Fatigue, respiratory symptoms and worsened oncological outcomes are just some of the ailments plaguing cancer patients months after they’ve recovered from COVID-19, a new study has shown.
The study assessed medium-term impacts on 1,557 COVID-19 survivors at median 22 months from cancer diagnosis and 44 days from infection.
It found post-COVID sequelae affected up to 15% of patients, with half of those experiencing respiratory symptoms and 41%, residual fatigue, despite 90% of all patients having protective anti-SARS-CoV-2 antibodies.
A number of patients also experienced neurocognitive symptoms, weight loss, non-respiratory organ dysfunction and other complications post-infection (7%, 5%, 2% and 18% respectively).
Men and patients aged 65 years or older, with two or more co-morbidities and a history of smoking were particularly vulnerable to post-COVID sequelae versus women (P = 0.041), younger patients (P = 0.048), those with one or no co-morbidities (P = 0.0006) and non-smokers (P = 0.0004), the authors wrote in Lancet Oncology.
Affected patients were had an increased risk of death after adjusting for time to post-COVID reassessment, sex, age, co-morbidities, tumour characteristics and infection severity (hazard ratio [HR]: 1.80), they noted.
Of 466 patients on systemic anti-cancer therapy, 15% permanently discontinued therapy and 38% resumed treatment with a dose or regimen adjustment.
While permanent discontinuations were independently associated with an increased risk of death (HR: 3.53), dose or regimen adjustments were not (HR: 0.84) and “can be safely pursued in treatment-eligible patients”, the authors wrote.
“To our knowledge, this study provides for the first time a detailed account of clinical characteristics and outcomes from the largest European registry of patients with cancer and COVID-19, focusing specifically on SARS-CoV-2 infection survivors,” they wrote.
It adds to a growing body of evidence suggesting that “[COVID-19-related] organ damage, of which symptomatic sequelae are a proxy, could contribute to a significant worsening of patients’ survival, irrespective of oncological prognosis”.
Notably, oncological characteristics, including tumour stage, activity and exposure to anti-cancer therapy prior to COVID-19 infection were not associated with viral sequelae development, the authors wrote.
This finding is “of paramount importance in understanding the natural course of recovery from SARS-CoV-2 infection in patients with cancer as it provides further data in support of the safe delivery of anti-cancer therapy in the context of an ongoing pandemic threat”.
During the study, COVID-19 survivors, particularly those with haematological malignancies, stopped or modified cancer treatment due to worsening performance or interval disease progression, the authors wrote.
They attributed the “unsurprising” result to the patient group’s “higher clinical vulnerability to COVID-19 of this patient group and the higher intensity of treatment regimens, characterised by an increased risk of myelosuppression compared with those delivered in solid tumours”.
Most patients resumed cancer treatment after COVID-19 infection, with regimen adjustments ”reassuringly” not leading to worse survival.
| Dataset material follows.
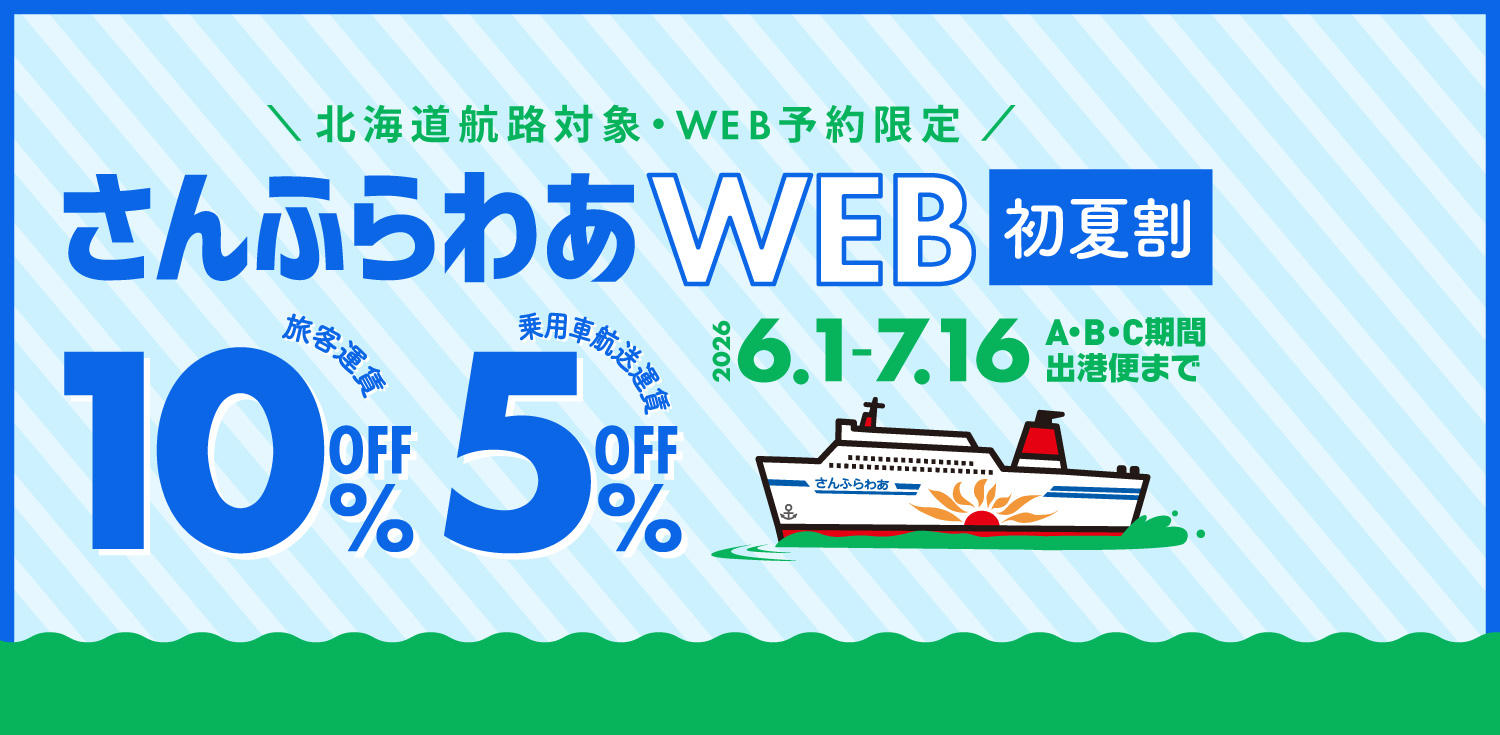 2026年6月1日(月)~2026年7月16日(木)までのA・B・C期間出港便で、旅客運賃10%割引、乗用車運賃5%割引になるキャンペーンを実施します!

However, the authors did stress that evaluating COVID-19 clinical status, and when/how to resume treatment, can be challenging in cancer patients, “given that constitutional symptoms (eg, fatigue and anorexia) are overlapping features of progressive malignancy and post-COVID-19 syndrome”.
Indeed, residual COVID-19-related fatigue is a “likely contributor of worsening performance” status in cancer patients and can last for more than 40 months in up to 40% of cancer patients.
Further, even with a variety of factors affecting treatment decisions, the authors described the proportion of permanent discontinuations as “non-negligible” and “concerning”.
They called for greater awareness, recognition and earlier COVID-19 sequelae treatment in clinics so they’d have better chances of tackling reversible factors, safely reintroducing systemic therapy and optimising oncological outcomes for infection survivors.